Fora week after that hot night at Messines the Hodden-Grays had a fairly easy time, and they deserved and needed it.

They marched back to Bailleul and found billets in the farmhouses round about, and there they had the chance to clean up and refit, to recover themselves generally, and to grieve over their heavy losses,—though you would not have thought it, perhaps, by the look of them.

Simply to be sleeping once more beyond the reach of sudden death was a mental tonic, and its effects showed quickly in a universal bracing up to concert-pitch and anything more that might be required of them.

The pressure on their special front was still heavy and continuous, however, and the end of the week’s holiday saw them back in the fighting-line, with their hearts set dourly on paying back some of the heavy score if opportunity offered.

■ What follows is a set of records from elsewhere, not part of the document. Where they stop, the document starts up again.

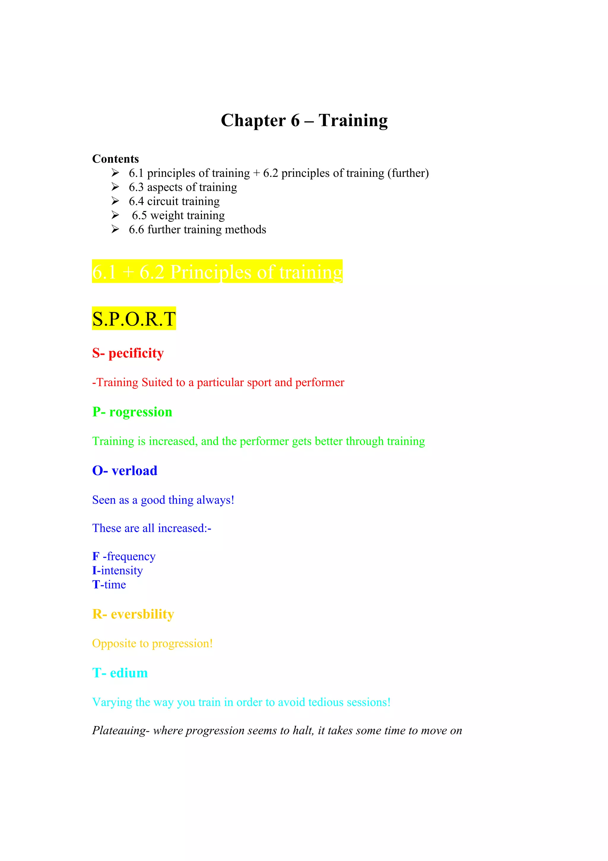 This document summarizes different training methods and principles. It discusses the SPORT principles of training - specificity, progression, overload, and reversibility. It also describes aspects of training like warm ups, fitness phases, skills phases, and warm downs. Additionally, it outlines different training types like circuit training, weight training, continuous training, interval training, and fartlek training.
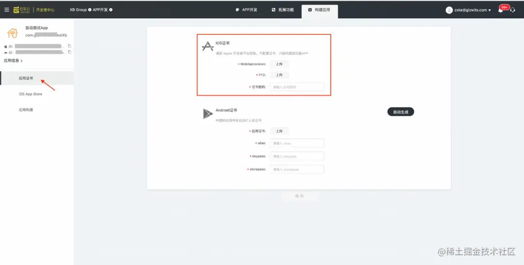 第二步:开通账号后,在developer.apple.com上可以生成iOS证书,将证书回填机智云开发者中心。
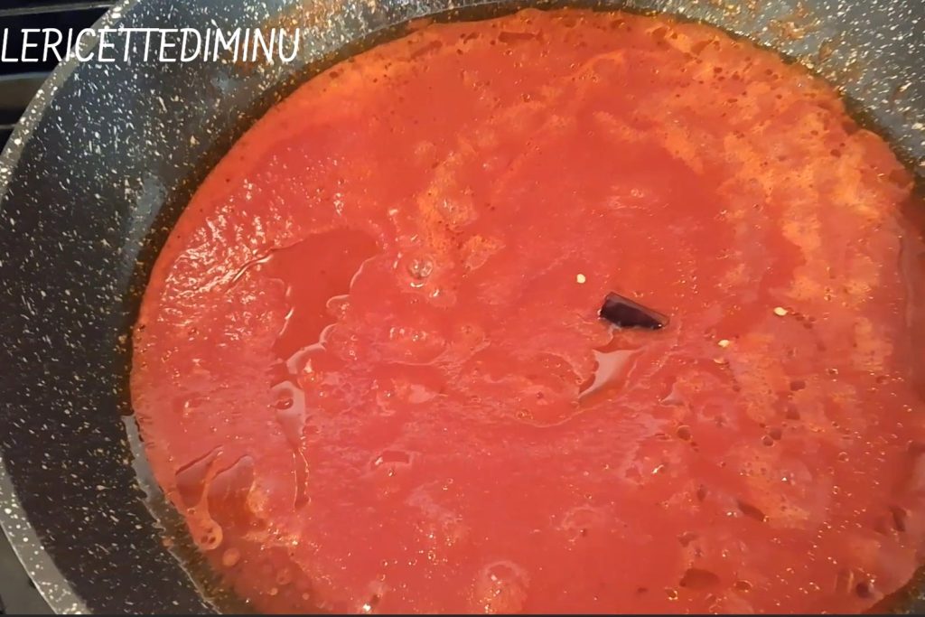 Fügen Sie in der Pfanne die Tomatenpassata, Wasser in gleicher Menge wie die Passata und ein Stück nach Belieben scharfen roten Chili hinzu.
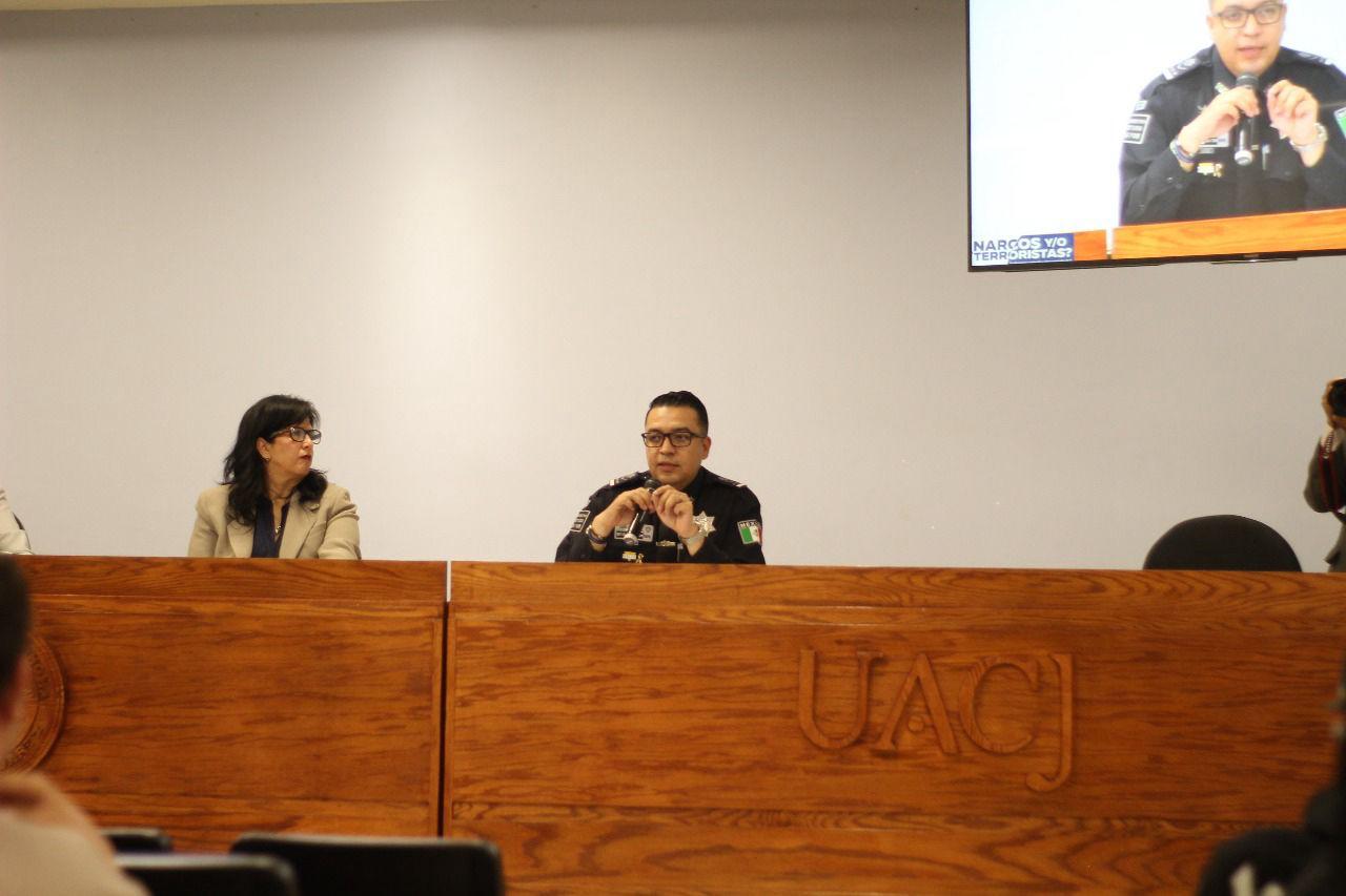 Con el objetivo de reforzar su compromiso con la formación académica y el análisis crítico, personal de la Secretaría de Seguridad Pública del Estado (SSPE) participó en el conversatorio “Narcos y/o Terroristas”, realizado en el Instituto de Ciencias Sociales y Administración, de la Universidad Autónoma de Ciudad Juárez (UACJ).

They were moved from point to point, but finally settled down in a wood, the trees of which, so much as was left of them, told their own grim story of fiery flagellations. The German trenches were in the same wood about three hundred yards away but were invisible on account of fallen tree-tops and branches.

There Ray’s company remained for five whole days, shelled incessantly and so harassed with attacks between times that rest was impossible, and through sheer strain and weariness their nerves came nigh to snapping. But they held tight and slogged on, and longed for relief and a heavenly night’s rest out of the sound and feel of bursting shells.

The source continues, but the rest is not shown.